Students see new purpose in Old Chapel

By Jackson Cote

Collegian File Photo
(Collegian File Photo)

After closing its doors for more than a decade, the University of Massachusetts Old Chapel will soon be reopening to the public later this fall, and will be available to all members of the community as a facility for programs and events.

Arguably one of the University’s most iconic flagship buildings, the Old Chapel has been undergoing its $21 million renovation since May 2015. However, the building itself has not been accessible to students since 1997, when it was closed due to structural problems.

Jorge Reyes-Lebron, a junior and peer mentor in the history department, remembers his freshman year when he would hear the ringing of the Old Chapel’s 1000-pound bells as they played the University’s alma matter.

“I don’t remember what time of the day it was, but just random times of the day, you’d hear the alma matter, just going off on the bells,” recalled Reyes-Lebron.

Hearing the bells play regularly again, as well as being able to go inside the Old Chapel and see some of its historic features, is what Reyes-Lebron is looking forward to most upon the chapel’s reopening.
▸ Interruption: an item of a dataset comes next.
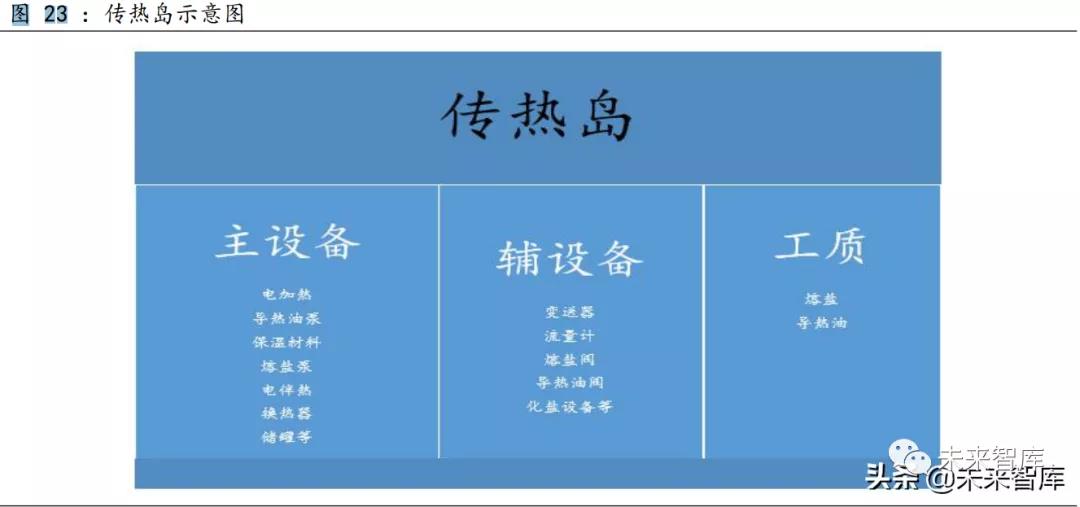 傳儲熱島則分為主設(shè)備、輔設(shè)備和工質(zhì)三部分,主要涉及換熱器、熔 鹽泵、熔鹽閥、流量計、電加熱及電伴熱等裝備以及熔鹽、導熱油等傳儲 熱工質(zhì)。

He is also excited that construction is ending so that he, like many other UMass students walking through campus, can walk along the building’s premises and get to class on time.

While exterior renovations to the building, such as its new glass entry pavilion, can already be seen by students walking by, interior changes to the Old Chapel will not be seen until its reopening. These changes include a new lobby and multipurpose space, as well as alterations to the platform and balcony areas of the second floor’s Great Hall.
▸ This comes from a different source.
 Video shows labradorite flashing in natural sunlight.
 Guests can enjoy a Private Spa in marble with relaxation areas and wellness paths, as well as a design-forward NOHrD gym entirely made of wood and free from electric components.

Administrative members involved in the project, including Ed Blaguszewski, executive director of strategic communications and special assistant to the vice chancellor for university relations, intend for these first and second floor spaces to be utilized by students, faculty and alumni for a wide variety of events, ranging from weddings and reunion gatherings to guest lectures and artistic exhibits.

“We believe that as a restored iconic facility on campus, it will be a point of pride for current-day students who will also return for events there in future years as alumni,” said Blaguszewski.
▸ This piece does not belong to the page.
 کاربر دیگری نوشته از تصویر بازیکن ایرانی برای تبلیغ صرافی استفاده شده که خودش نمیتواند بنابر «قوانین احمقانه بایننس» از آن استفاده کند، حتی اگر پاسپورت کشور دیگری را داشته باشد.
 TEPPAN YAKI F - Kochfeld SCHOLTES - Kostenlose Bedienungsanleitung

The hope that the Old Chapel will return to its historic uses and become both a prominent and accessible flagship landmark on campus, is a hope shared not only by the administration, but by students too.

Anthony Vitale, president of the Student Government Association, is in talks with the administration to set up a policy favorable to student use of the new space. Vitale sees the Old Chapel as a viable alternative to other buildings commonly used by student organizations, such as the Student Union and academic buildings after hours.

“For example, if a student group is doing a comedy show, or something like that, that would be a really awesome space to have that in, rather than having it in the Herter extension, or the Herter Annex,” said Vitale.

Vitale is also excited for the building to become a more integrated facility and long-lasting symbol for students.

“Since 1997, all those generations of students have just walked by the building, looked at it, recognized it as a symbol of UMass, but never have actually taken part, been in it, used it for any purpose,” said Vitale. “I hope that with proper student use of the space that it will become something that students have as a symbol of the University.”

The estimated completion for the construction, according to the UMass website, is late November 2016.